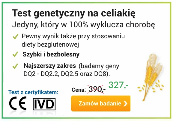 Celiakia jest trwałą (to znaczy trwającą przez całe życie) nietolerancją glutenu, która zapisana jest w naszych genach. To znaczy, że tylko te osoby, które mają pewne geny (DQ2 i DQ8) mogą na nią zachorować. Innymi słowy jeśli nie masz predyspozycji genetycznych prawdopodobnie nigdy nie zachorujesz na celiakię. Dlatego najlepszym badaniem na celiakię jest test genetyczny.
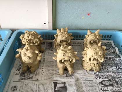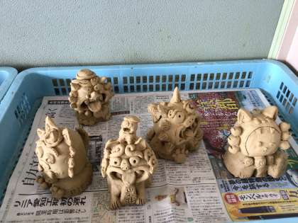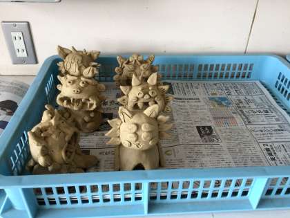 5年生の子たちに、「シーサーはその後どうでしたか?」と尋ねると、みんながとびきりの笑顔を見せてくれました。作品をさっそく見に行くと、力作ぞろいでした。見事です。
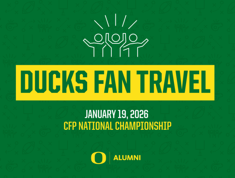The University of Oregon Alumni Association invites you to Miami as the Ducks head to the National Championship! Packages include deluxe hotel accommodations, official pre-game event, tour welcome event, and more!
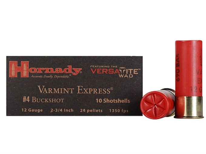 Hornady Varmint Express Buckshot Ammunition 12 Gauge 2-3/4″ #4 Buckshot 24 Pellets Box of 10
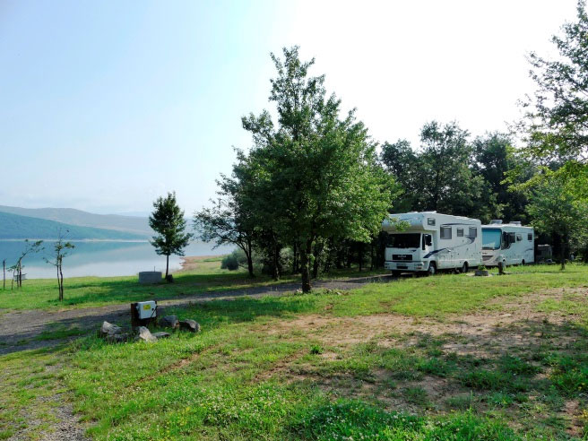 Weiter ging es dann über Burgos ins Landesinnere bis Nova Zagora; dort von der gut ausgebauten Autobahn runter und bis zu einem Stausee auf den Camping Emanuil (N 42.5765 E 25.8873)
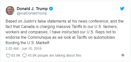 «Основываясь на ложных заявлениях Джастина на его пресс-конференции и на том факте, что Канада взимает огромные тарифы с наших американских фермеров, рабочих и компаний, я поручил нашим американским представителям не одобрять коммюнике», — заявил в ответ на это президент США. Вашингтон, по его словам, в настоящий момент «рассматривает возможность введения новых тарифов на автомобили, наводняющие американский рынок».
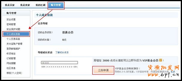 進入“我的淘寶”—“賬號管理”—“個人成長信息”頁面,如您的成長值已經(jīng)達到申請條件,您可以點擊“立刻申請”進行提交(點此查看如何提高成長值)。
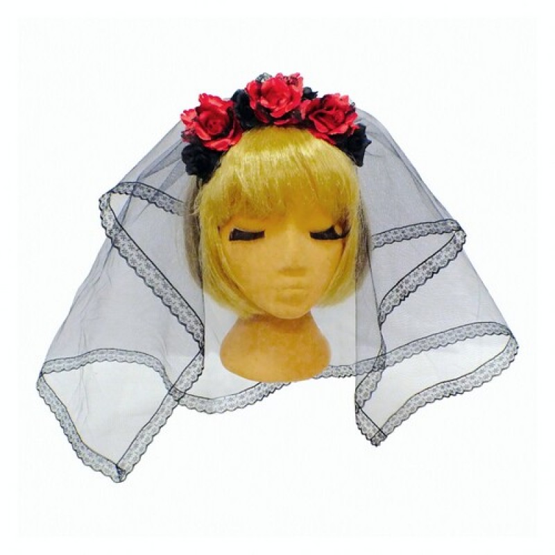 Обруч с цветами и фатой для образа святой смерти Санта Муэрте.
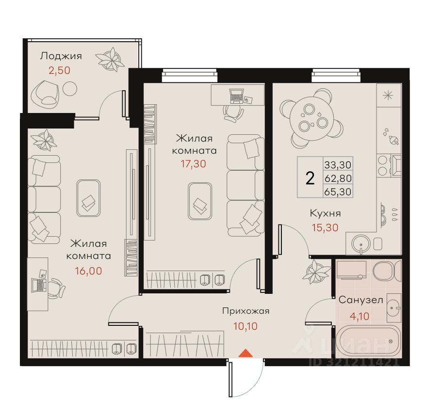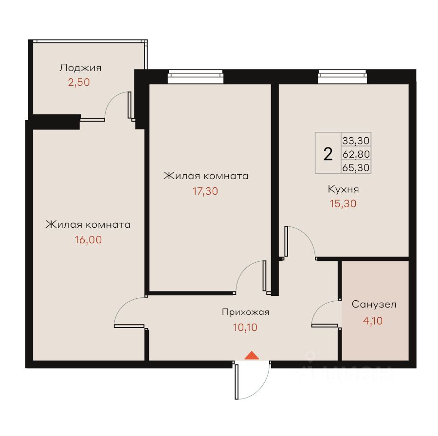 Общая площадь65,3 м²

* * *

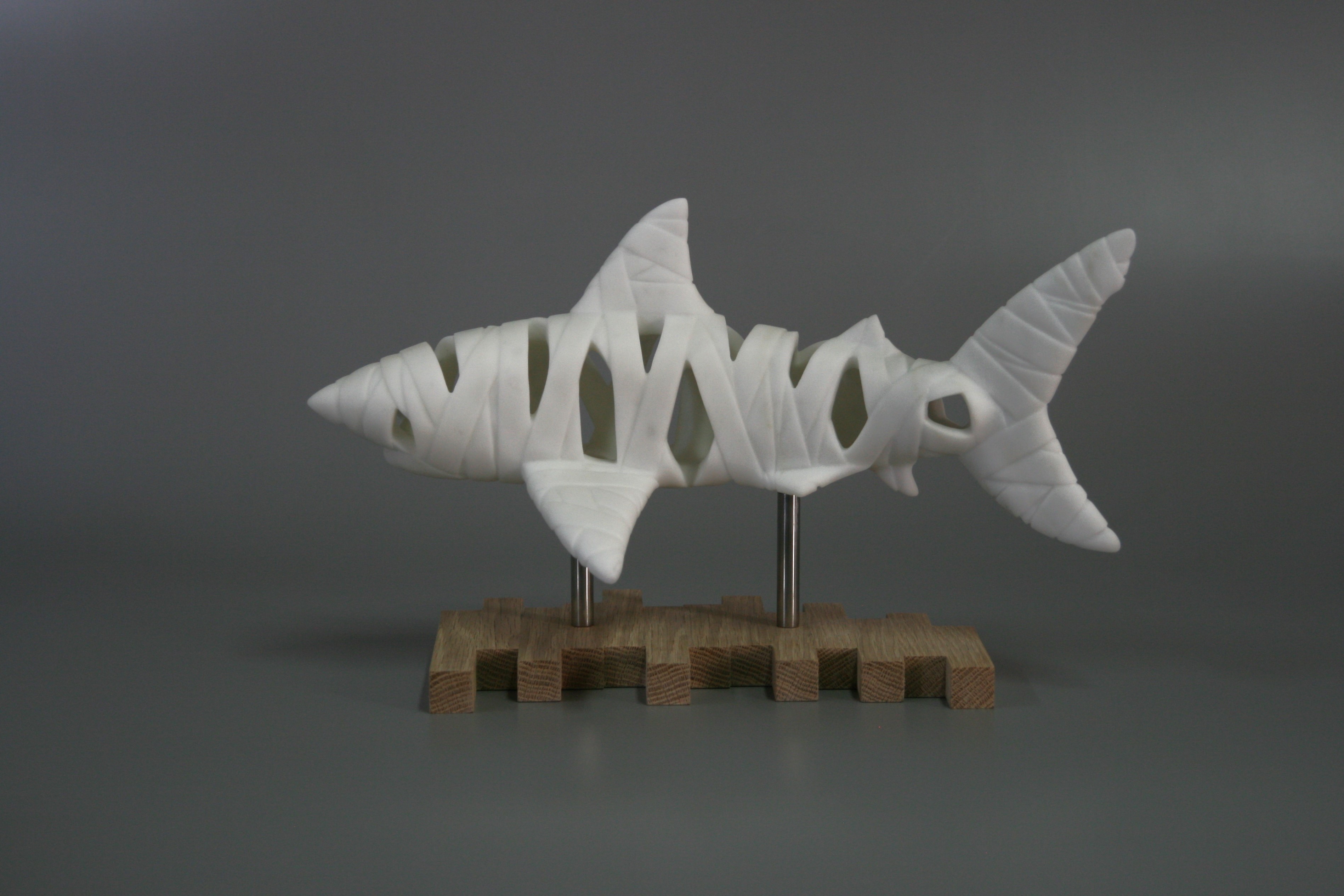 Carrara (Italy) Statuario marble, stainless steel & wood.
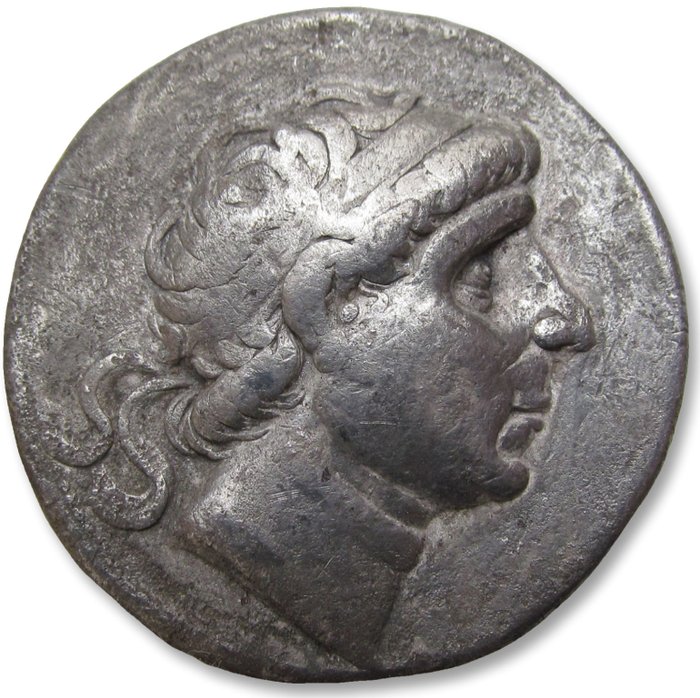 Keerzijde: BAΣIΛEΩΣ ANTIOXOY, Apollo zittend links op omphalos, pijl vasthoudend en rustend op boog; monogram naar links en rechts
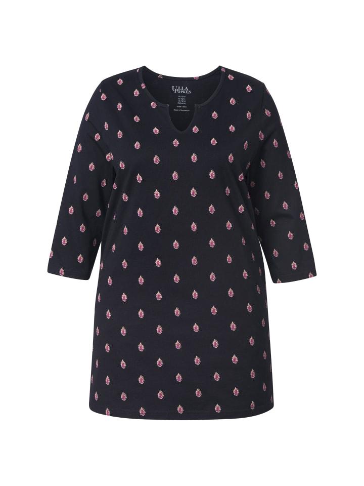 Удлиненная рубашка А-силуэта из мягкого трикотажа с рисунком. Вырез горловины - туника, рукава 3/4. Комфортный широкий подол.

==

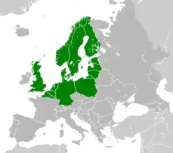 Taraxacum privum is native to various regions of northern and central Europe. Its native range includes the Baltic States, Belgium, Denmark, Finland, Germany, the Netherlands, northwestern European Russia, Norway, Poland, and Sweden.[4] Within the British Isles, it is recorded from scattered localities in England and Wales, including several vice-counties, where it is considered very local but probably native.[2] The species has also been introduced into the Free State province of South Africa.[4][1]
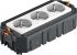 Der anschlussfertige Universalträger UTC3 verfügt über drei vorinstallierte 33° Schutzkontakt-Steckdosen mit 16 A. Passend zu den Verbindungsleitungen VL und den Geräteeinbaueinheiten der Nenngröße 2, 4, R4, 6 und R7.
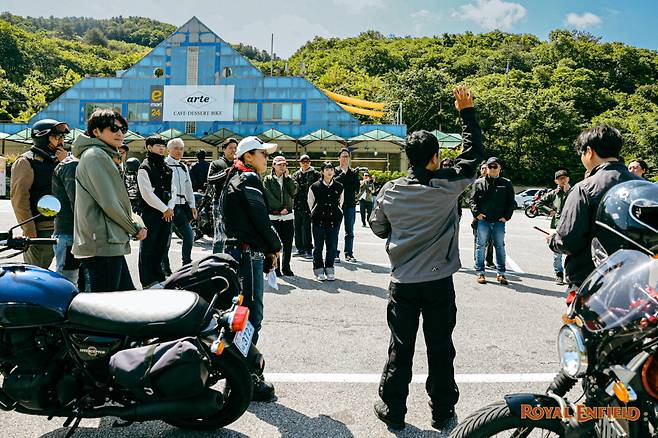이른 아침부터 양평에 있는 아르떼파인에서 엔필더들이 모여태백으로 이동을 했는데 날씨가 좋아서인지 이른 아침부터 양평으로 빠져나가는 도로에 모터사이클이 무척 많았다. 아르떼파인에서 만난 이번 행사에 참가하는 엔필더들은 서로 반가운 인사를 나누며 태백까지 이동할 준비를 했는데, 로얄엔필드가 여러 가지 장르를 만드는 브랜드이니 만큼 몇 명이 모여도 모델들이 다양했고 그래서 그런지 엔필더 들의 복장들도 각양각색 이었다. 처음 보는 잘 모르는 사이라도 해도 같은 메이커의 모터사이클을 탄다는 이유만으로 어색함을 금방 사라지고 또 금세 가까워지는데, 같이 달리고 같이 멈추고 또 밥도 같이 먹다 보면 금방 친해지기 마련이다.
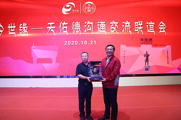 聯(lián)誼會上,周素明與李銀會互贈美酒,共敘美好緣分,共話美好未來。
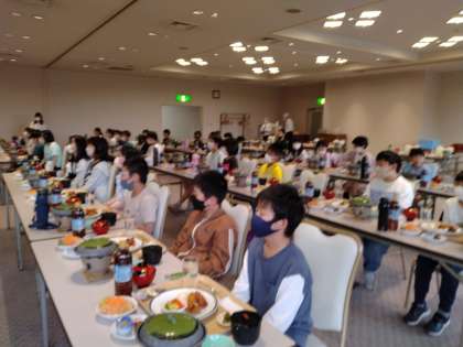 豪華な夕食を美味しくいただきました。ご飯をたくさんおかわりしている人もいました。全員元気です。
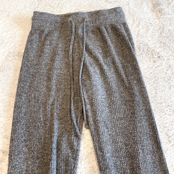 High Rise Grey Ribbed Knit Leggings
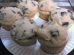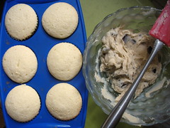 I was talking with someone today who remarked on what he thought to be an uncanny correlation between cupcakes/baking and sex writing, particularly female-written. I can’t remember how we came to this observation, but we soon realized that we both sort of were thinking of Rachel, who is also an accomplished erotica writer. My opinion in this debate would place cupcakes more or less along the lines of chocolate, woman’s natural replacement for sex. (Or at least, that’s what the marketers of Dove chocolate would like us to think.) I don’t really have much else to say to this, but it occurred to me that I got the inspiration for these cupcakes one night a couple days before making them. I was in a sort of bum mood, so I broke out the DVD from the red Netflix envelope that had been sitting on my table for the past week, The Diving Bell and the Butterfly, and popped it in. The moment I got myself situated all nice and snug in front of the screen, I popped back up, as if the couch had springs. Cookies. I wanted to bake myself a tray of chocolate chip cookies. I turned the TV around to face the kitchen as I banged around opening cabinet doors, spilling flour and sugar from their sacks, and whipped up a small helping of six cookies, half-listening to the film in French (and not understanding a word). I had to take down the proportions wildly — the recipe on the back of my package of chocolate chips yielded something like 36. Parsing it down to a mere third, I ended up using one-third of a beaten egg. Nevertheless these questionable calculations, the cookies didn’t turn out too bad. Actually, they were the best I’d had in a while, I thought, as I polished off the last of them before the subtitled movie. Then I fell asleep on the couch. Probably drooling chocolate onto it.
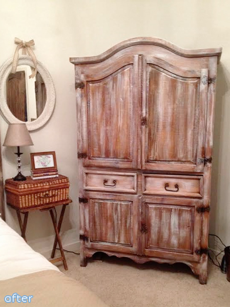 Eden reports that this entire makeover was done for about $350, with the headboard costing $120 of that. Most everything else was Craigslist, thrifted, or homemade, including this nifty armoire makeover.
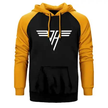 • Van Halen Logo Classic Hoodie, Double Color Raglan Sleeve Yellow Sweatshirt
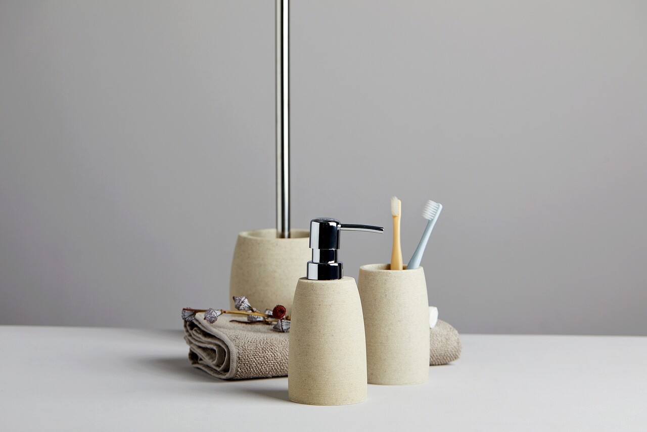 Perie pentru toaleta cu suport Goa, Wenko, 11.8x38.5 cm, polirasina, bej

→ **Work to complete**: Only the lines above starting with the line with "Обруч с цветами" and going on through the line with "Общая площадь65,3 м²" belong in the answer; repeat them exactly, minus any picture.

→ **Exercise result**:
 Обруч с цветами и фатой для образа святой смерти Санта Муэрте.
 Общая площадь65,3 м²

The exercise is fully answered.